There are over 100 herbicides/pesticides presently known to
contain carbamates and/or organophosphates which may inhibit cholinesterase.
The chemical names of some of the more common herbicides/pesticides used
today are Ronnel, Malathion, Diazinon, Dursban and Parathion. If
the names sound somewhat familiar, it is probably because they are found
as main ingredients in many over-the-counter preparations used by the general
public across the country to kill unwanted weeds in the driveway, on the
patio, and in the lawn.
The verification of suspected cholinesterase inhibition is
accomplished by measuring the plasma and red blood cell levels of the enzyme.
If either or both of the tests indicate a decreased level of cholinesterase,
inhibition has been validated. The lower the cholinesterase level,
the larger the intensity of the inhibition and the greater the degree of
toxicity.
The treatment is simply to remove the person from further exposure.
Bi-weekly blood tests should be done to monitor the gradual increase to
normal levels which takes 4-6 weeks. On rare occasions, usually after
severe inhalation, return to normal levels is slower than expected.
Chest x-rays or pulmonary function testing may be ordered to rule out pulmonary
complications.
Awareness of the possible health hazard is the first step in
a preventive program. If the potential for exposure is higher and more
constant as in most of the herbicide/pesticide industry, blood tests for
cholinesterase inhibition should be routinely performed to denote pre-symptom
early stages and to prevent cumulative effects of repetitive low-level
exposures. The typical company runs blood tests on all employees
in the early spring before any contact is made with the chemicals in question.
This baseline is important because some people have genetically low cholinesterase
levels which might prove deceptive when comparing future test levels usually
taken in mid-season and post-season. Some companies test for cholinesterase
levels every three to four weeks due to the amount of chemical contact
of their employees. Other companies, whose use of these chemicals
is not seasonal but rather year round, provide ongoing cholinesterase testing
for all their employees. Each program must be individual to that
company's needs and chemical usage.
The cost of cholinesterase testing varies greatly with the
laboratory chosen. Due to the expense of the materials required to
perform the specialty test, most local labs either do not have the necessary
materials or find the specialty of the test worth a higher charge.
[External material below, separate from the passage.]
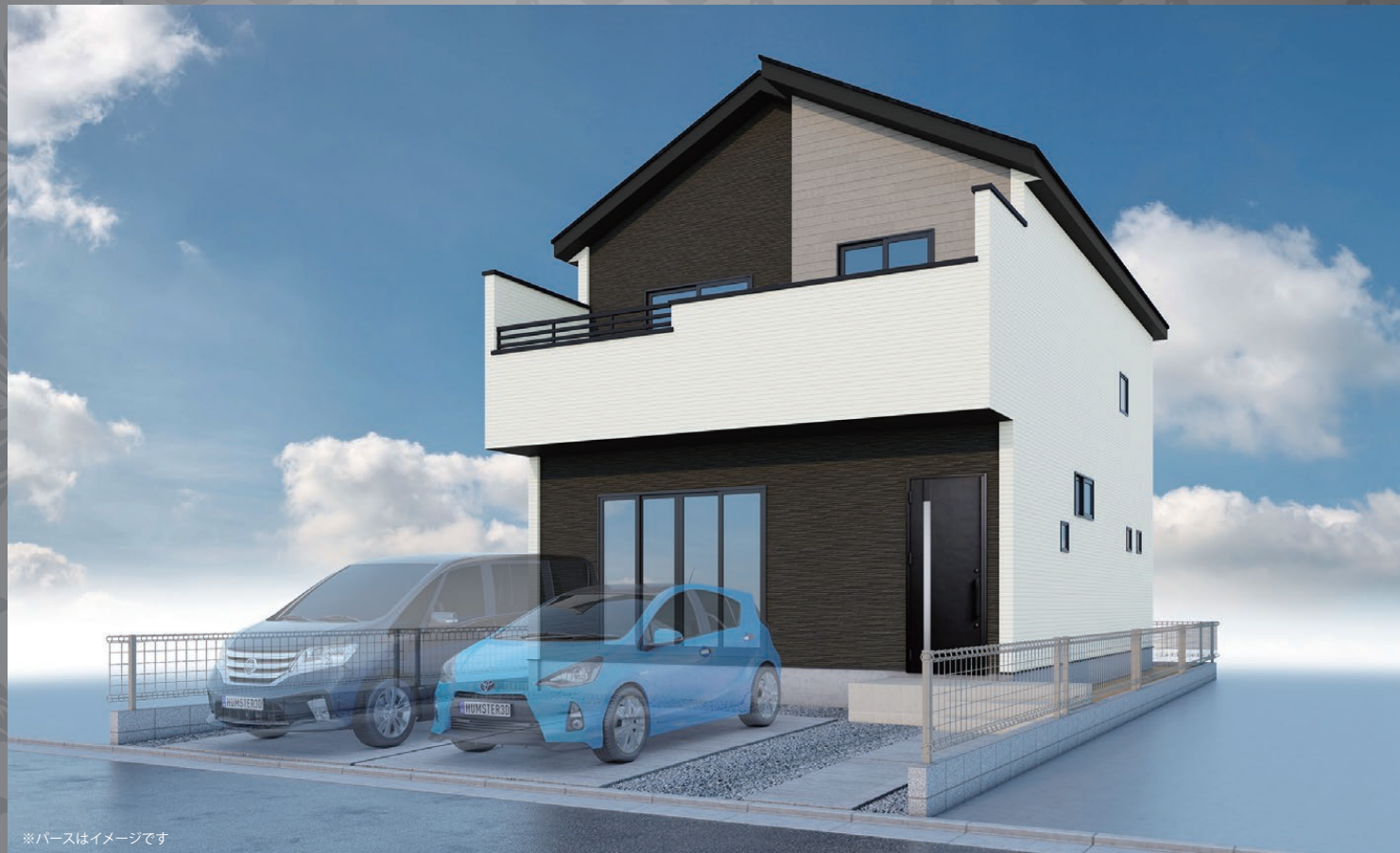
※バスはイメージです

For most needs, a specialty lab serves the company much better. The
blood samples can be drawn locally, prepared and sent to the specialty
lab for testing. The turn-around is usually one to two days with
the employer receiving a computer print-out of all the blood samples tested
and the cholinesterase levels of each. Because of the volume of tests
processed, specialty labs prepared to test for cholinesterase usually charge
between 60% to 65% less than the local lab which may receive few requests
for the tests.
Return
Copyright 1998-2002 © Tri-county Occupational
Health Consultants. All Rights Reserved.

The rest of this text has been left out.